Возражение 1. Кажется, что в Боге нет любви. Ведь в Боге нет никаких страстей. Но любовь – это страсть. Следовательно, в Боге нет любви.

Возражение 2. Далее, любовь, гнев, печаль и т. п. взаимно противостоят друг другу· Но гнев и печаль не должно приписывать Богу, разве только – метафорически. Следовательно, точно так же не должно приписывать Ему и любовь.

Возражение 3. Далее, Дионисий сказал: «Любовь есть соединяющая и [особым образом] смешивающая сила»345. Но подобного не может происходить в Боге, ибо Он прост. Следовательно, в Боге нет любви.

Этому противоречит следующее. Сказано [в Писании]: «Бог есть любовь» (1Ин. 4, 16).

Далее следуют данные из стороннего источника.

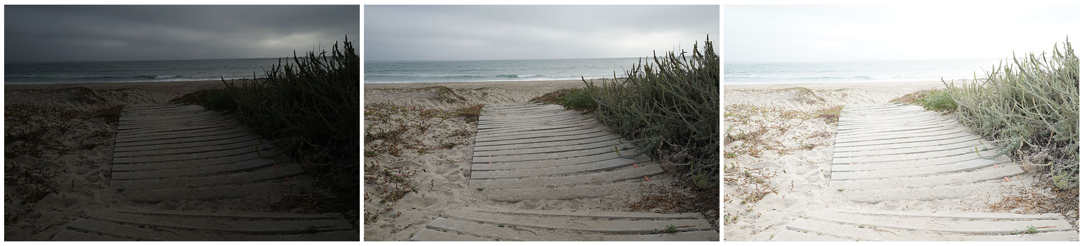 Brennweite: 35mm; Blende 10; ISO 125, Belichtungsreihe: 0.002 (1/500), 0.008 (1/125), 0.0333 (1/30).

Отвечаю: должно утверждать, что в Боге есть любовь: ведь любовь – это первое движение воли и каждой желающей способности. Ибо, коль скоро действия воли и каждой желающей способности склоняются как к присущим им объектам и к добру, и к злу; поскольку [далее] благо субстанциально и суть непосредственный объект воли и желания, в то время как зло, будучи лишь противоположностью блага, объект вторичный и опосредованный; из этого следует, что действия воли и желания, относящиеся к благу, должны по природе предшествовать тем, что относятся к злу; так, например, радость предшествует печали, любовь – ненависти, ибо все, что существует через самое себя, всегда предшествует тому, что существует через другое. Опять-таки, более общее по природе предшествует менее [общему]. Поэтому ум сперва определяется к всеобщей истине, и лишь во вторую очередь – к истинам частным и специальным. Далее, есть такие действия воли и желания, которые имеют отношение к благу при наличии некоторого дополнительного условия; так [например] радость и восхищение относятся к уже достигнутому благу, тогда как желание и надежда относятся к благу еще не достигнутому Любовь же относится к благу наиболее обще, независимо от того, достигнуто ли благо, или нет Следовательно, любовь по природе суть первое действие воли и желания, и поэтому все прочие движения, связанные с желанием, предполагают наличие любви в качестве своего истока и основания. Ведь никто не желает чего-либо и не наслаждается этим, если оно – не любимое им благо; равно как никто и не ненавидит что-либо, если оно – не противоположно объекту его любви. И подобным же образом (что очевидно), печаль и тому подобное соотносится с любовью как со своим первейшим началом. Значит, если в ком усматриваются воля и пожелание, в нем также должна усматриваться и любовь, ибо, если желается [что-то] первое, желается также и все последующее [за первым]. И так как было доказано, что в Боге есть воля (19, 1), следовательно, Ему должно приписывать и любовь.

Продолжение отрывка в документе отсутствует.